Cory Booker Shows 15 Years Of Tax Returns

Federal income tax returns show the senate candidate made fewer charitable contributions than previously suggested. Booker will also step down from the board of Waywire, his digital media company.

NEWARK — U.S. Senate candidate Cory Booker released 15 years of federal income tax returns Friday afternoon. The filings revealed an average effective tax rate of 26.29% and shed some light on the mayor's personal finances dating back to his first year as a city councilman.

Booker's tax rate for 2012 was 36.89%, the most he has paid since 1998, when he was first elected to the Newark Municipal Council. His tax rate has never fallen below 18%, according to the filings, which aides allowed reporters to view for several hours. The campaign will not be making the documents available for public viewing online.

The returns show Booker took in an average income of $261,476 per year, with much of that money deriving from paid speeches.

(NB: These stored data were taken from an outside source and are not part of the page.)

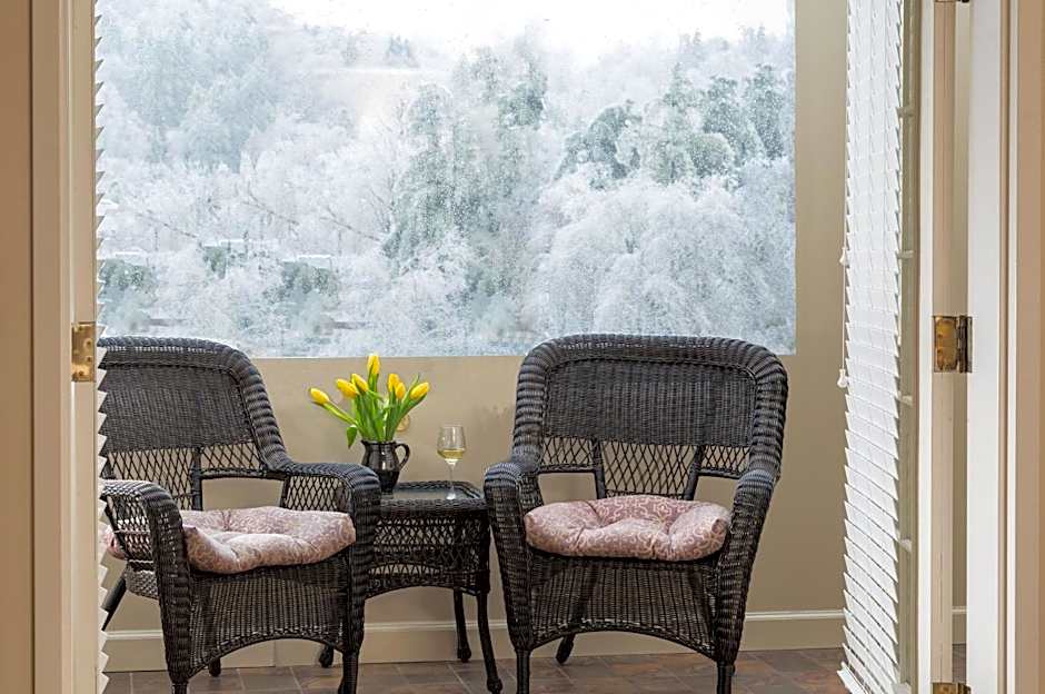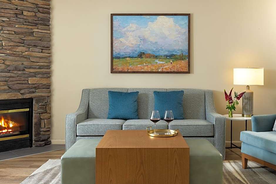 This suite features views of the pond and stone terrace. A separate living area with a sofa bed is provided. 2 flat-screen TVs are offered as well. A dressing room, in-room sink, and fireplace are included.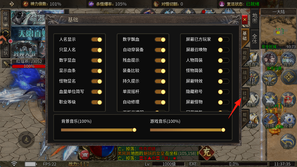 5、点击屏幕右侧的“自动”,这样就开启了挂机功能。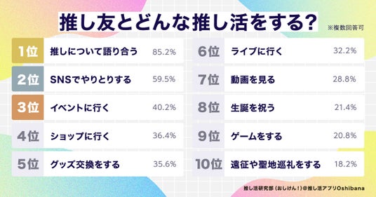 推し友との推し活で最も多かったのは、「推しについて語り合う」が85.2%という結果でした。上位10位までは以下の通りです。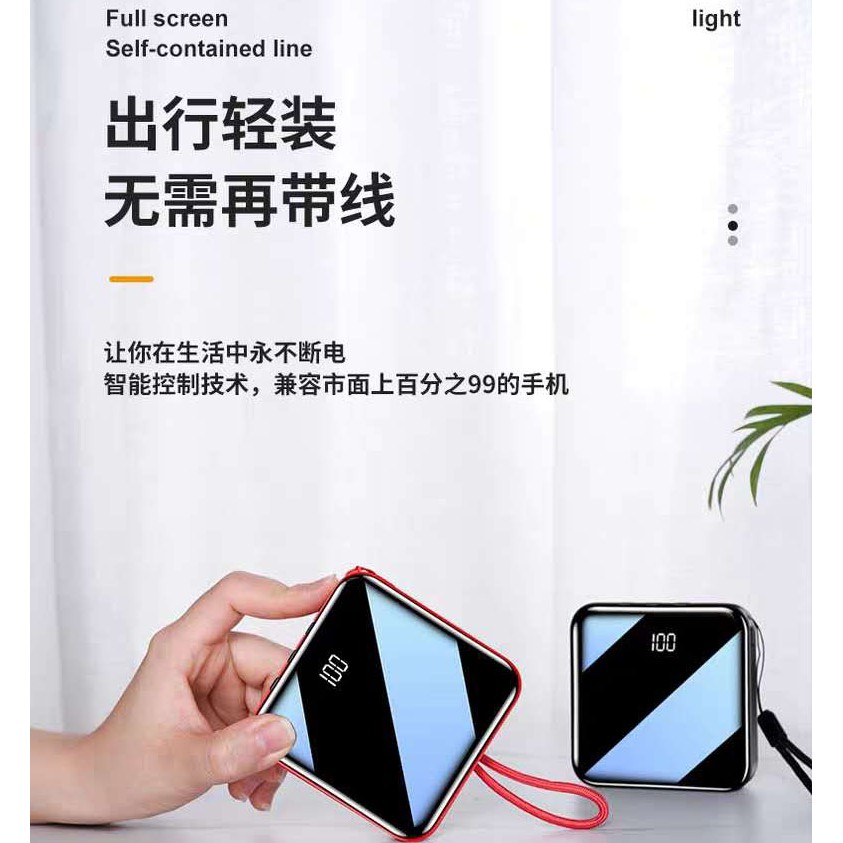 Full screen, large capacity, dual output, dual LED lights, full lens power bank, high appearance, mini body, much smaller than the palm, lighter body, one-handed, large capacity, portable

The speeches supplemented an annual income from City Hall that ranged from a low of $83,000 in 2006 to a high of $152,000 in 2011. From 2000, when Booker started giving speeches, to 2012, he has made $1,317,715, after taxes, addressing audiences.

In that same time period, he gave $149,347 to charity. (Booker's campaign said in March that he has given roughly $620,000 in charitable donations since 2009 — an aide accounted for the difference with 2013 giving, which he said figures so far at $469,906.)

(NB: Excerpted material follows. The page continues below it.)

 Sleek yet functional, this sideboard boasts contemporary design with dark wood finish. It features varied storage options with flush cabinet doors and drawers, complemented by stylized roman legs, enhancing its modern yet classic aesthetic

Although Booker kept the majority of the money he made from public speaking in the last 12 years, he told The New York Times in March that he kept almost none. "Even though I am entitled to keep it," he said, "after Uncle Sam takes his share and after I've given away hundreds and hundreds of thousands, I've kept very little of it, if any."

Booker's tax returns for 2012 did not disclose any information about his holdings in Waywire, a digital media company Booker founded last year. "There was no income that was derived from the holding, and it wasn't sold, therefore it doesn't have to appear on an income tax form," said Booker's communications director, Kevin Griffis. Before the special election primary in August, Booker came under scrutiny for his involvement in the website, which reportedly has struggled despite high-profile investments from the mayor's most prominent boosters.

The campaign told reporters in a memo that Booker "is stepping down from the Board of Waywire and that he will donate his shares in the company to charity," though they did not specify to what organization.

Documents provided by Booker's office earlier this year show that the mayor has given to the charity he himself founded, Newark Now, every year from 2009 to 2013.

The tax filings also show that Booker's accountant overpaid his taxes by $100,000 in 2007 — a "clerical error" Griffis says wasn't discovered until the campaign began reviewing his returns earlier this year.

The documents show that Booker also received roughly $21,000 from consulting work from 2000 to 2002; $25,000 from a teaching fellowship at Stanford University in 2003; and $688,500 from a buyout agreement from 2007 to 2012 with his old lawfirm, Trenk DiPasquale, in which he had an equity stake.

Booker's filings show limited investment activity. But the Newark mayor did make a perhaps ill-advised sale of 25 shares of Netflix stock in 2003 for a profit of $172.

In the memo to reporters, the campaign also called on Steve Lonegan, his Republican rival in the Senate race, to release years' worth of tax returns.